Деваться было некуда, и она последовала за Антоном Эргисовичем. А тот привычно – видимо не в первый и даже не в десятый раз – произносил проникновенную речь:

– Ты только не робей. У нас оценивают страсть, а не опыт. Главное, чтобы тебе самой нравилось. Это место самопознания, а не какое-нибудь там соревнование, пропитанное энергетикой агрессии и конкуренции. Здесь проигравших нет, лишь победители.

– Эм, – Кора покосилась на учеников, оторвавшихся от своих мольбертов. – Я, правда, не уверенна, что у меня хватит сбережений.

Учитель всполошился:

– О, мы денег не берем. Расходы лишь на материалы, а остальное идет за счет местных благотворителей. Все для вас, все для молодежи, как говорится.

– То есть платить не надо? – с подозрение нахмурилась Кора. Кто-то ехидно хихикнул с задних мест.

– Мы – общественная организация, занимающаяся подростковым досугом. Вы, дети, будущее страны… Кстати, новеньким положено представляться. Расскажи о себе, почему сюда пришла и почему хочешь стать художницей?

Он подмигнул и стал подталкивать Кору в середину комнаты под яркий свет люминесцентных ламп.

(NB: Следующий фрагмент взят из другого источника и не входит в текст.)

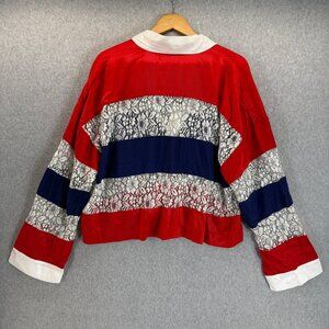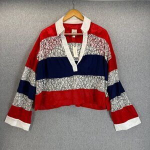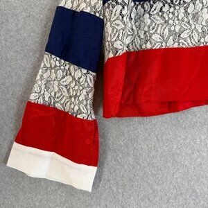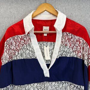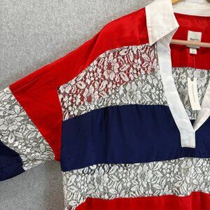 Maeve Anthropologie Womens Lace Striped Patriotic Blouse Top V-Neck Size XL NWT
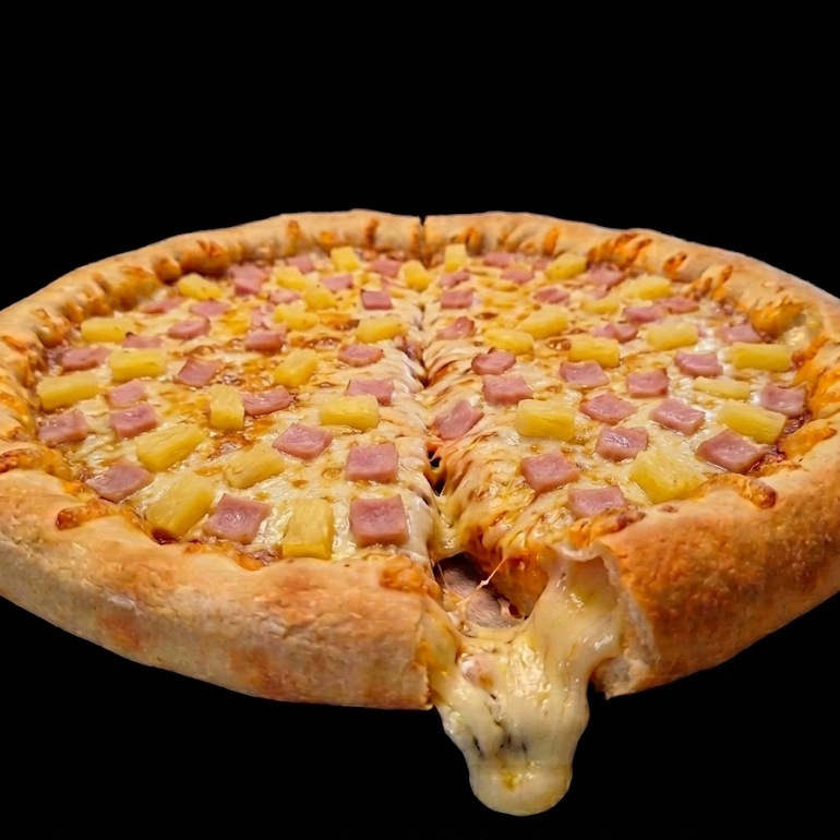 Pizza mediana tipo napolitana con quesos, piña dulce casera, jamón
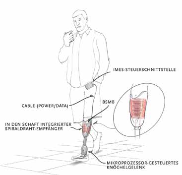 Die derzeitigen mikroprozessorgesteuerten Prothesen erfordern ein gewisses Training und sind nicht immer intuitiv für die Anwender. Sie haben zudem über mehrere Ebenen hinweg einen eingeschränkten Bewegungsumfang, bieten eine eingeschränkte oder keine aktive Kraftunterstützung und keine direkte willkürliche Steuerung. Mit anderen Worten weisen derzeitige Prothesen im Vergleich zur gesunden unteren Extremität zahlreiche Einschränkungen auf. Eine Mensch-Maschine-Schnittstelle, die sich des Gehirns bedient, kann einige dieser Einschränkungen überwinden, indem sie die leistungsfähigste Schaltzentrale der Welt anzapft, die in der Lage ist, komplexe Bewegungen zu steuern und gleichzeitig darüber nachzudenken, was es abends zu essen geben soll. Fortschrittliche Mensch-Maschine-Schnittstellen verwenden bioelektrische Signale, um eine direkte Verbindung zum Nervensystem aufzubauen und auf diese Weise das weltbeste Steuerzentrum zu nutzen – das Gehirn 6.
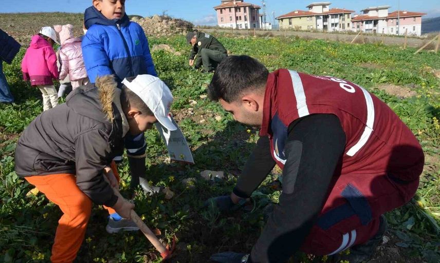 Manisa’da yanan ormanlık alanların ağaçlandırılması kapsamında yürütülen çalışmalarda 100 bininci fidan, bir özel anaokulunun minik öğrencileri tarafından toprakla buluşturuldu.
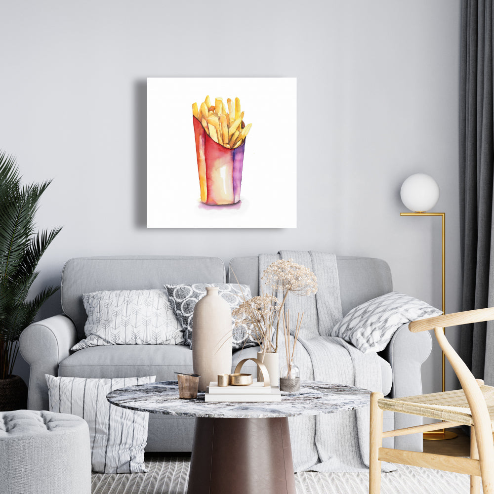 Yellow Watercolor French Fries Canvas | Home Decor Art
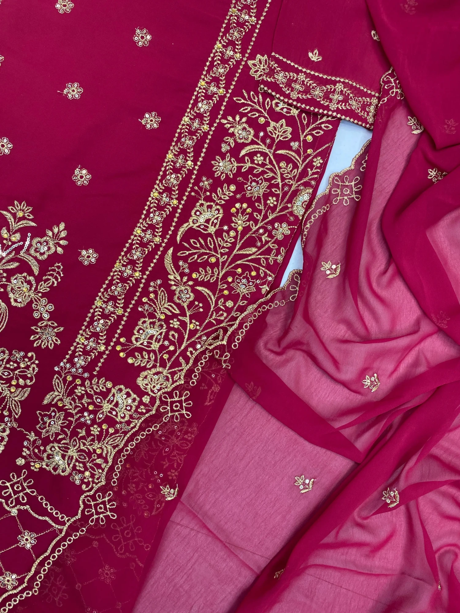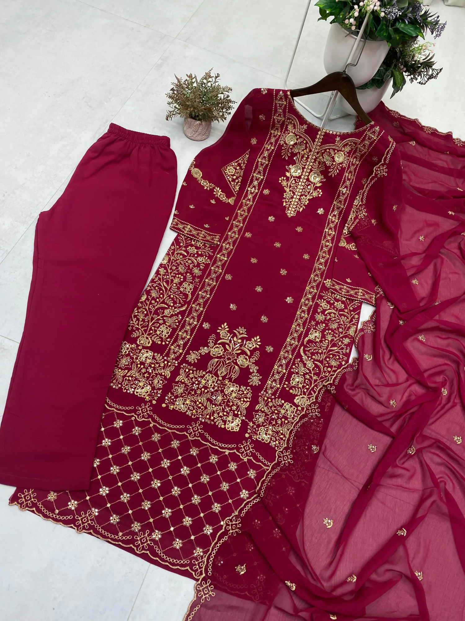 Designer Georgette Suit Set with Sequin & Diamond Embroidery – Top, Pant & Dupatta | BE-383

«Нет, только не публичное выступление. Да кто их вообще любит?» – хотела возмутиться Кора. И что ей ответить на поставленные вопросы? Что она поссорилась с соседями, они за что-то на нее взъелись, и теперь она вынуждена подолгу гулять на улице в одиночестве? Даже в мыслях прозвучало отстойно!

Она замялась.

Снова посмотрела на подростков, взиравших на нее с самой широкой гаммой чувств. Большая часть девушек (пучки, широкие футболки и булавки в носу) с недоумением, одна остроглазая брюнетка даже брезгливо морщилась. Парни в этом смысле были попроще.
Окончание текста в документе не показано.